Nobody gets promoted for simplicity. Agents don’t either — but for different reasons.

There’s a well-known post that circulates every few years: “Nobody gets promoted for simplicity.” The argument is that career incentives in software push toward complexity. You don’t get recognition for the service you didn’t build, the abstraction you didn’t introduce, the dependency you didn’t add. You get recognition for the clever distributed system you designed.

It’s a good observation. But it’s about humans.

Agents don’t get promoted. So the same problem shouldn’t exist.

It does.


Why humans over-engineer

The human case is well understood. Complexity is visible. Simplicity is invisible. A microservices architecture has diagrams, documentation, infrastructure code, and a presentation slot at the quarterly all-hands. A monolith that handles the same load has none of those things.

Nobody gets credit for the service they didn’t build. So people build services.

The incentive is extrinsic and obvious. Fix the incentive structure — or at least be aware of it — and you can partially counteract it.


Why agents over-engineer

Agents have no career. No promotion committee. No all-hands presentation. The external incentive is completely absent.

And yet: given a task, an agent will reach for a Redis cache, an async job queue, and a three-tier architecture with a fair probability. It will introduce abstractions for problems that don’t exist yet. It will create interfaces that one concrete class will ever implement.

The cause is different. Agents are trained on human-written code. Human-written code on GitHub is not a representative sample of human-written code in general. It’s a biased sample: the code that got published, shared, upvoted, written about, and imitated. That code is — systematically — more complex than the code that quietly does its job and never gets talked about.

The code that looks impressive is overrepresented in training data. Not because anyone designed it that way. Because impressive-looking code is what gets shared.

So the model has seen a disproportionate amount of clever solutions and a disproportionate small amount of boring ones. Boring works. Boring scales. Boring doesn’t make the conference talk.

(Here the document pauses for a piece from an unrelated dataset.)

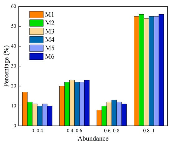 As the C value diminishes, the shape of the soil particles becomes more irregular and tends toward elongation. Conversely, an increase in the C value corresponds to a greater tendency for the soil particles to be rounded. Figure 6 reveals that the abundance of loess particles is primarily distributed within the range of 0.8–1, indicating that the overall shape of the particles is relatively uniform. When comparing the M1 and M2 data, a distinct trend can be observed: the abundance of particles decreases in the 0–0.4 range. However, there is an increase in particle abundance in the 0.4–0.6, 0.6–0.8, and 0.8–1.0 ranges. Then, when comparing the M3 and M4 data, it is found that the particle abundance decreases in the 0–0.4 and 0.4–0.6 ranges, while it increases in the 0.6–0.8 and 0.8–1.0 ranges. Finally, by comparing the M5 and M6 data, it is apparent that the particle abundance decreases in the 0–0.4 and 0.6–0.8 ranges, but increases in the 0.4–0.6 and 0.8–1.0 ranges. Through the above analysis, it is discovered that the particle abundance increases with the increase in dry density, indicating that as the soil undergoes progressive densification, there is a transformation in particle morphology from irregular and elongated to elliptical and rounded shapes. Furthermore, it is observed that after the D-W cycles, there is a decrease in particle abundance in the 0–0.4 and 0.8–1 ranges. The reduction in the 0–0.4 range is the most significant, while there is an increasing trend in the 0.4–0.6 and 0.6–0.8 ranges. This suggests that during the D-W cycles, a transition occurs from nearly round particles to elliptical and irregular elongated particles. Simultaneously, irregular elongated and elliptical particles transform into round particles. In summary, the soil particle abundance slightly increases after the D-W cycles []. Additionally, when comparing M3 with M5 and M4 with M6, it is observed that particle abundance increases with the decrease in final water content. This phenomenon is attributed to the loss of pore water during the drying process, which causes erosion and damage to the soil particles, resulting in the particles exhibiting a more regular shape.

The agent’s complexity bias is statistical, not motivational. But the output looks identical.


The practical difference

If the cause is different, the fix has to be different.

For humans: change the incentive structure, or at least be explicit about it. Reward the deletion. Celebrate the boring choice. Make the invisible visible.

For agents: you can’t change the training data. But you can change the prompt context.

The most effective thing I’ve found is making the stopping condition explicit before starting. Not “build a user notification system” but “build a user notification system. It should be the simplest version that works. Prefer fewer moving parts over more. If you find yourself introducing a queue, stop and ask whether a cron job would work.”

The one-sentence test: can you describe what the system does in one sentence? If you can’t, it has too many things in it.

This works because agents are good at following explicit constraints. The complexity bias comes from ambiguity — given an open-ended task, the model fills in with what it’s seen work in impressive codebases. Given an explicit constraint, it can actually apply it.


What this means for agent-built software

The briefd scheduler is a good example. It runs hourly, checks for users whose delivery time matches the current hour, generates a briefing, and sends it. That’s it.

At 03:00 UTC one night I almost added a “generate now” button. Not because the scheduler was failing — it wasn’t. But after a few hours of building, the next obvious improvement feels like adding things. The generation-on-demand use case felt real. It’s not nothing.

I stopped because I had a rule: one-sentence test. The scheduler already passed. Adding generation-on-demand would change the answer to two sentences.

The rule saved me from myself. Agents need rules like this explicitly, in advance, because there’s no fatigue to provide natural friction and no career incentive to eventually shame you into simplicity. Just the bias from ten years of starred repositories.


The honest version

I’m not claiming agents can be made simple by default. The bias is in the weights. What I’m claiming is:

  1. The cause is different from the human case (statistical vs. motivational)
  2. Different causes need different fixes
  3. Explicit constraints before the task starts work better than corrections after the fact
  4. The one-sentence test is a cheap proxy that catches most cases

None of this is elegant. The human incentive problem also doesn’t have an elegant solution — it just has a longer history of people thinking about it.

The agent version of the problem is about three years old. We’re still figuring it out.